Трижды использованное в последней фразе слово «снег», определяющее облик послевоенного Вильнюса, вызывает уже знакомую метафору амнезии: «Советская неволя превзошла египетскую […] ибо нет страшней неволи, чем беспамятство и забвение!» [Там же: 167]. Как эта аллюзия, так и слегка ироническое сравнение эмигрантов с Маккавеями328
– эхо русско-еврейского нонконформизма, тянущегося от советского литературного подполья и эмиграции к постсоветским 1990-м. Ту же генеалогию выказывает и весь коммеморативный характер текста. Символично описание гегемонных культурных практик, применяемых советскими властями к еврейскому наследию: утилизации, перекодировки или приведения в запустение. В ешивах, «где над разгадкой тайны мироздания и предназначения Человека столетиями бились юные маймониды, разместились советские учреждения, занимавшиеся сбором […] утильсырья» [Там же: 167]; в бывших еврейских школах «безликие» [Там же] чиновники выдают советские паспорта и проверяют благонадежность граждан; в конфискованных большевиками еврейских типографиях печатаются сочинения Сталина и партийные газеты. (В последнем примере метафора культурного переписывания становится пространственной метонимией.) Еврейские же тексты скоро превращаются в тропы уже человеческих жертв антисемитского режима: в «страшном» [Там же: 168] 1953 году люди выносили…из еврейских домов, как покойников, […] еврейские книги.

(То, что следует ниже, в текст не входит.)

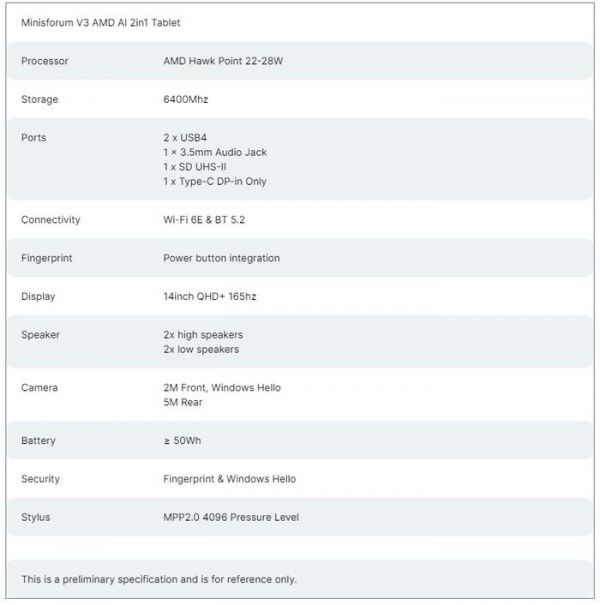 14 英寸铭凡 V3 锐龙平板曝光:首搭 AMD “Hawk Point”APU
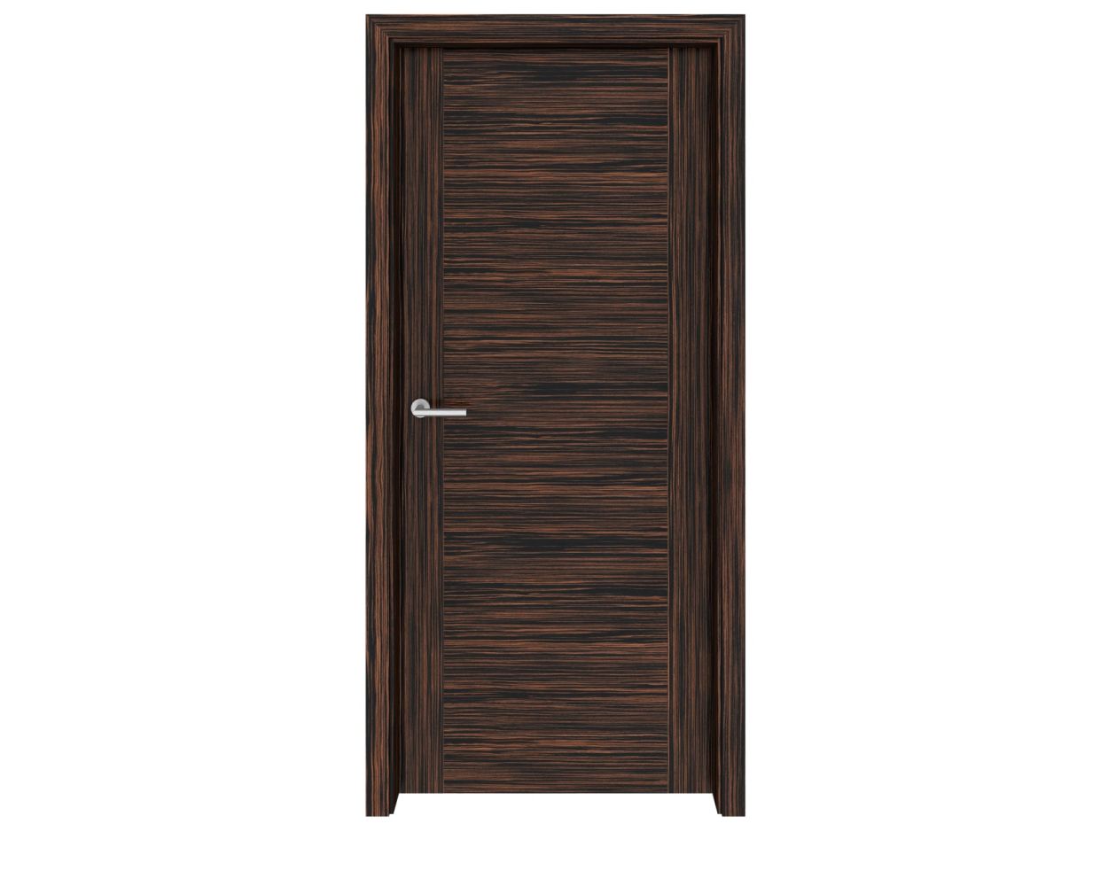 This particular interior door design features a veneer of genuine Ebony Macassar, a hardwood named after the small island in Indonesia where it is found. This exotic species features a reddish brown undertone with stripes of dark brown and black. As mentioned, the grain runs horizontally at the center, but is framed in with two vertically grained panels at either side running the full length of the door.
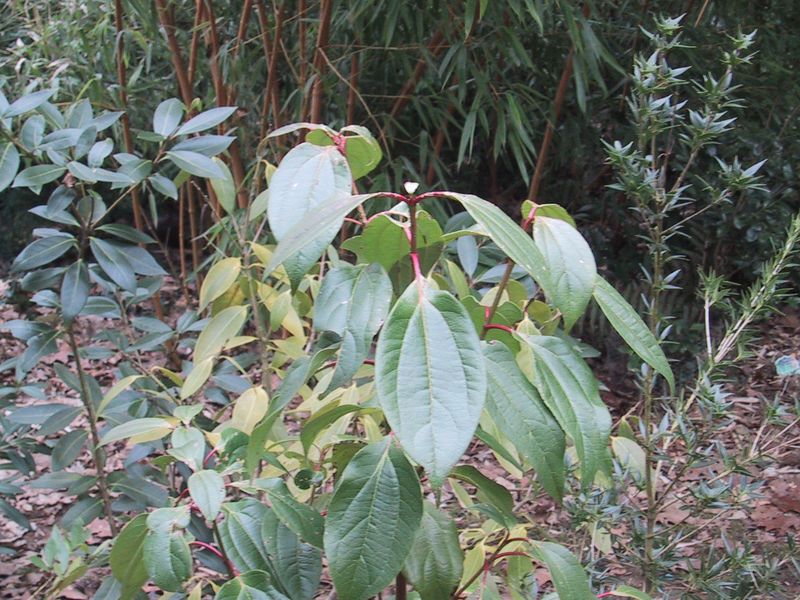 Scheint fast so hart wie der ähnlich aussehende Vib.davidii zu sein :/* Viburnum cinnamomifolium*/,hier zwischen Osmanthus decorus li und Osmanthus heterophyllus re. Im Hintergrunf Phyllostachys vivax aureocaulis.In England gibt es von dieser Vib.art wunderschöne großlaubige BÄUME!!!!
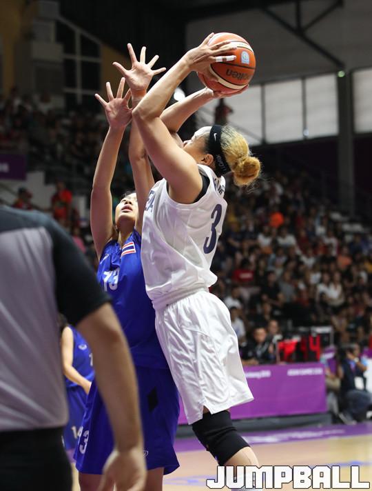 여자농구대표팀 코리아는 26일(이하 한국시간) 인도네시아 자카르타 겔로라 붕 카르노(GBK) 농구장에서 열린 2018 자카르타-팔렘방 아시안게임 여자농구 8강 태국과의 경기, 코리아팀의 김한별이 특유의 파워를 이용해 골밑 공격을 시도하고 있다.
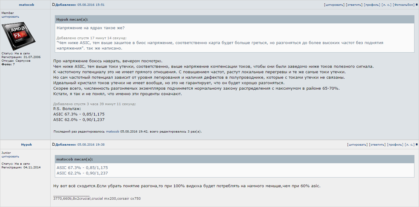 У нас в ветке 480 вообще с асусами ересь творится, у Асусов чем ниже АСИК, тем круче карта(по моим наблюдениям), и у асуса никогда не бывает АСИК выше 75%. А вот у остальных под 90. Мне кажется, что лучше сравнивать АСИК в рамках одного ведора но на разных моделях, чем в рамках одной модели но у разных вендеров. Пример с асусом, с аномальным результатом: Всё об AMD Radeon RX480, RX470, RX460 (Polaris 10 & 11) #14181363
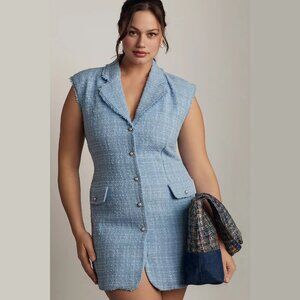 NEW Maeve Sizes 8, 10, 12 Womens Sleeveless Tweed Blazer Mini Dress - Light Blue
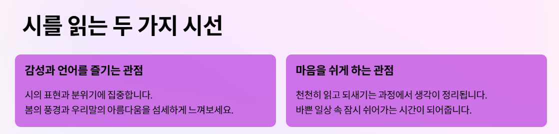 시를 읽는 과정은 바쁜 일상 속에서 잠시 마음을 정리하는 데 도움이 될 수 있습니다. 아래 흐름에 따라 천천히 읽어보세요.
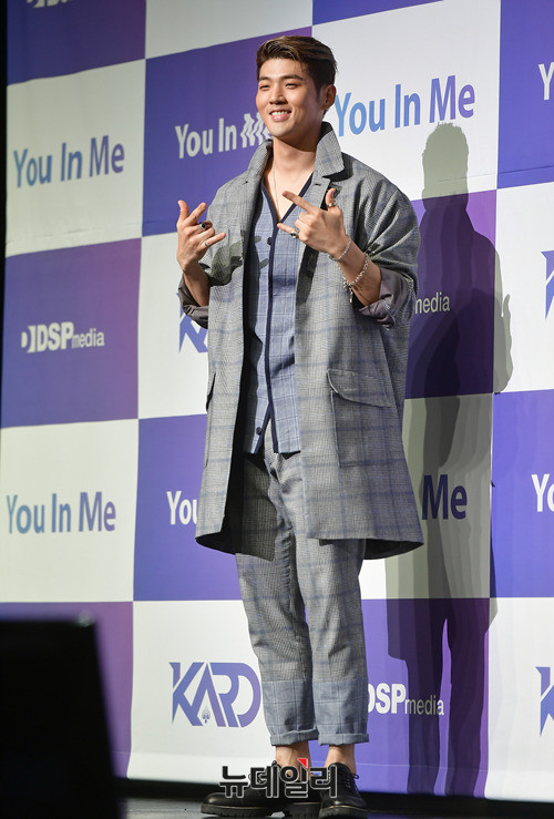 혼성그룹 KARD 멤버 비엠이 21일 오후 서울 광진구 예스24 라이블홀에서 2번째 미니앨범 'YOU & ME(유 엔 미)' 쇼케이스에서 포토타임을 갖고 있다. 이번 앨범 'YOU & ME'는 모든 트랙이 하나의 스토리로 연결된 드라마틱한 앨범으로 총 9트랙을 담았다. 타이틀곡은 'You In ME(유 인 미)'.
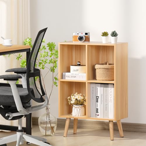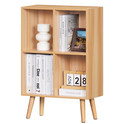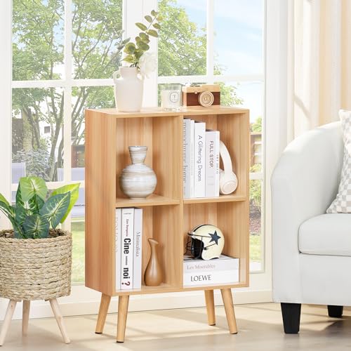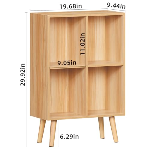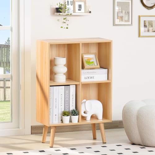 LEYAOYAO - LEYAOYAO 4 Cube Bookshelf, 2-Tier Bookcase with Legs, Natural Kids Book Shelf Cute Storage Organizer, Free Standing Open Toy Shelves Modern Bookshelves,Wood Display Bookcases for Bedroom,Living Room
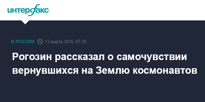 Москва. 12 марта. INTERFAX.RU - Российские космонавты Елена Серова и Александра Самокутяева, а также американский астронавт Барри Уилмор, вернувшиеся в четверг с МКС, чувствуют себя хорошо, сообщил вице-премьер России Дмитрий Рогозин.
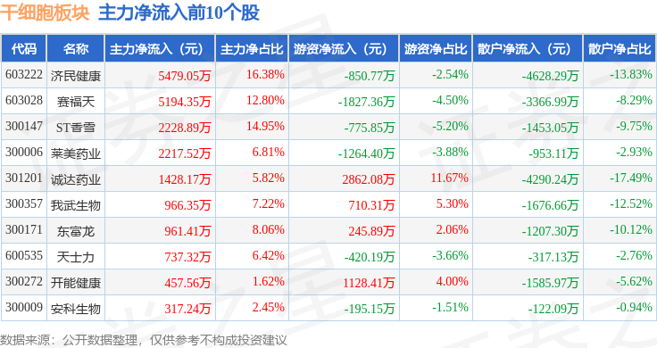 从资金流向上来看,当日干细胞板块主力资金净流出8892.07万元,游资资金净流入1.17亿元,散户资金净流出2818.64万元。干细胞板块个股资金流向见下表:
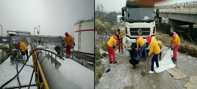 寒風(fēng)中,油庫一線員工為維護正常卸、發(fā)油而冒雪工作,檢查設(shè)施設(shè)備狀態(tài);物流車隊司機們風(fēng)雪無阻,排除困難,按時按點將油品安全送達客戶、送到各站點;各個加油站基層員工通力合作,掃除油站積雪,保障油站進出通道順暢通行和行車安全;總部行政、物業(yè)人員也及時給辦公樓前坪進行掃雪、除冰,為行政辦公工作保駕護航。
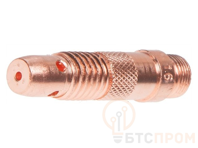 Зажим цанги является расходным элементом TIG горелки. Предназначен для фиксации электрода с цангой в TIG горелке. Отверстия на зажиме служат для распределения потока защитного газа.
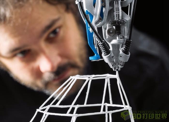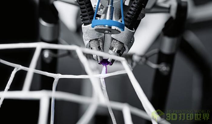 据了解,绑在其三脚架似的机械定位系统的末端的是一个精确的喷丝头,这个喷丝头上使用的是均匀的2400tex玻璃纤维。此外还有一台计算机与其连接,通过定制的3D建模软件为其提供需要的位置数据。
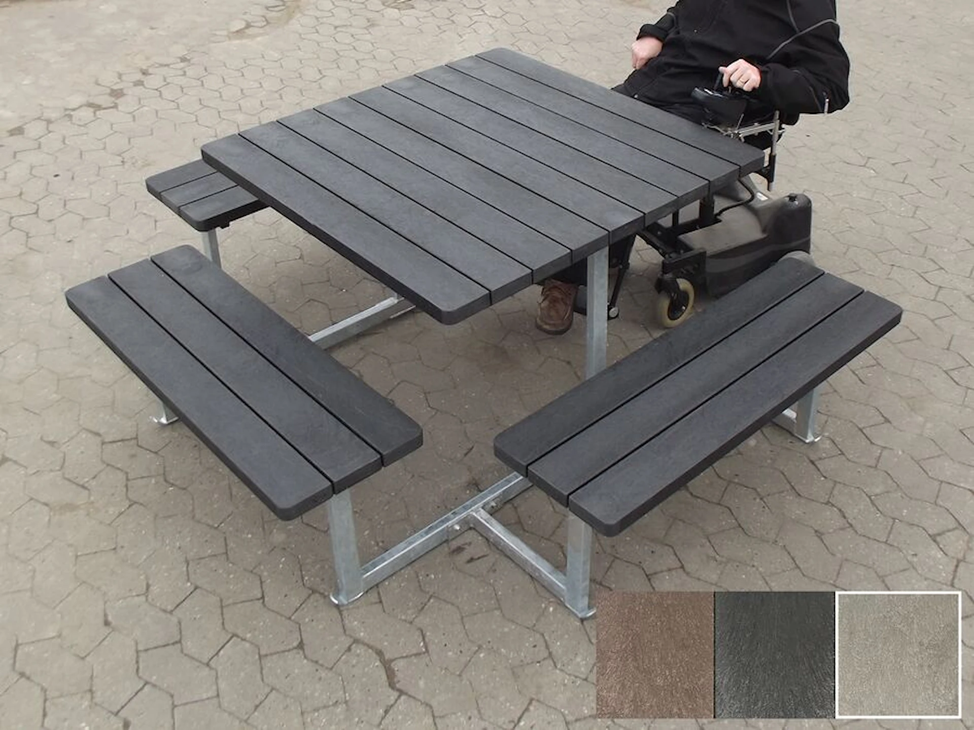 Bord bænkesæt i genbrugsplast Knud, kørestolsvenlig
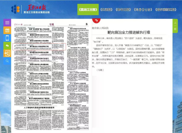 7月31日,《黑龙江日报》报道南岔县人民法院:靶向施治全力推进解执行难。
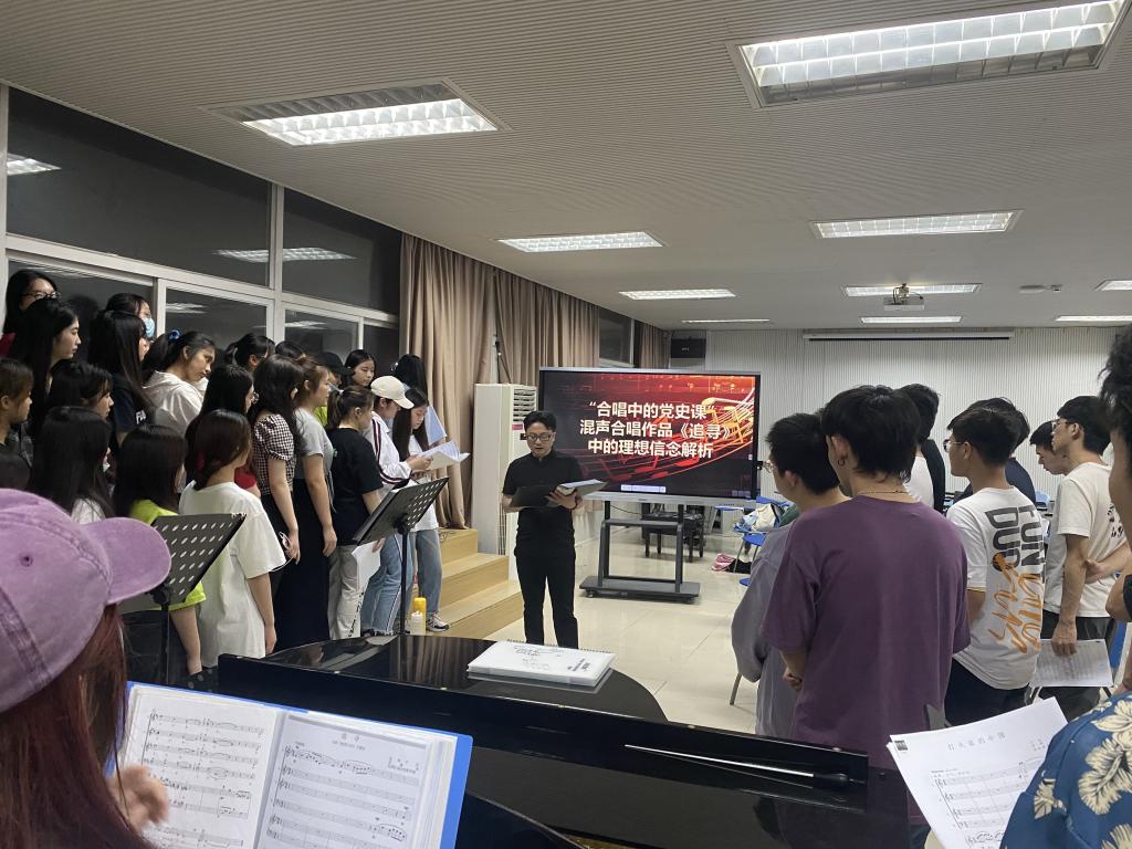 5月19日,在繁星合唱团的日常排练中,指挥徐青老师开展了“合唱中的党史课——混声合唱作品《追寻》中的理想信念解析”主题党史宣讲会。
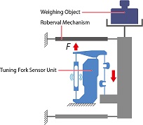 Tuning Fork sensor ─No trouble with high accuracy and fast response time. ─ Vibration frequency changes against the application of load to two piece coupled Tuning Fork. Scale measures this frequency change then convert to the weight value. Stress-strain of the Tuning Fork is 1/10th and its output sensitivity is 50 times of Strain Gauge Sensors | ![]() |
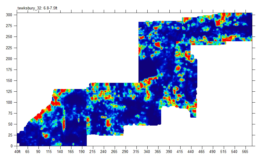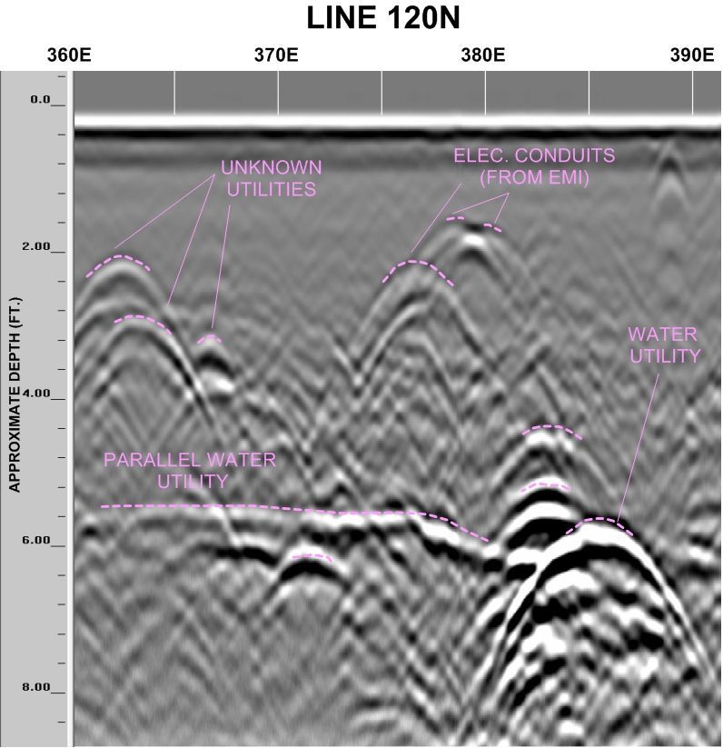 GPR data was collected using GSSI's SIR-3000 and a 400 MHZ antenna that identified a number of features, within the survey area, to a maximum depth of 9 ft. (view animation below). Data was collected in a grid laid out in the survey area with lines spaced at every 2' x 5'. The collected data was then assembled in to a 3D grid using GSSI's Radan 6 for interpretation. The image below shows not only the clarity of the data, but also the many utilities located in the scan area.

Наспех, в сумерках, на пустыре недалеко от Лукишкской тюрьмы наши насмерть перепуганные соседи сжигали все еврейское, начиная от невинного, прекраснодушного Мапу и кончая хмурым и суровым Давидом Бергельсоном.
Шестнадцать томов дореволюционной еврейской энциклопедии уносили в ночь, как шестнадцать гробиков [Там же: 168–169].
Сближение в цитате горящего письма и людей напоминает о массовых сожжениях шоа и поэтому о сходстве двух антисемитских диктатур. Здесь очевидна подвижная метафорика уничтожения, последовательно стирающая референциальные границы: заменимость смысловых составляющих в парах «сожжение/смерть» – «книги/евреи» нивелирует разницу между биологическим и культурным, рождая картину глобального истребления.
Увеличенная до объема текста «инвентаризация» топографической еврейской памяти заново актуализирует такие фигуры, как
Несколько раз в рассказе распространяется на людей семантика культурного палимпсеста. Обрусение вернувшейся в Вильнюс молодежи, в том числе и самого героя, забывшей идиш и плохо знакомой с еврейской культурой, выступает смягченным вариантом коммунистических практик истребления и переписывания:
Почти обрусевшие, говорившие на изуродованном чужбиной идише, выброшенные смерчем войны в иные пределы, где в слове «жид» умещались все познания о нашем народе, мы, его молодая, озябшая, изголодавшаяся поросль, бегали на еврейские литературные вечера, устраиваемые в послевоенном Вильно [Там же: 168].
Этот параллелизм еще усиливается благодаря типичной для Кановича почти избыточной иносказательности – сожженные евреями книги, Ерушалаим де Лита и «я» рассказчика сливаются в единый объект символического сожжения329
: «Тогда я еще не осознавал до конца, что горела не бумага, а город моих снов – Ерушалаим де Лита, и что я сам был не более чем головешка, в лучшем случае – тлеющий уголек» [Там же: 169].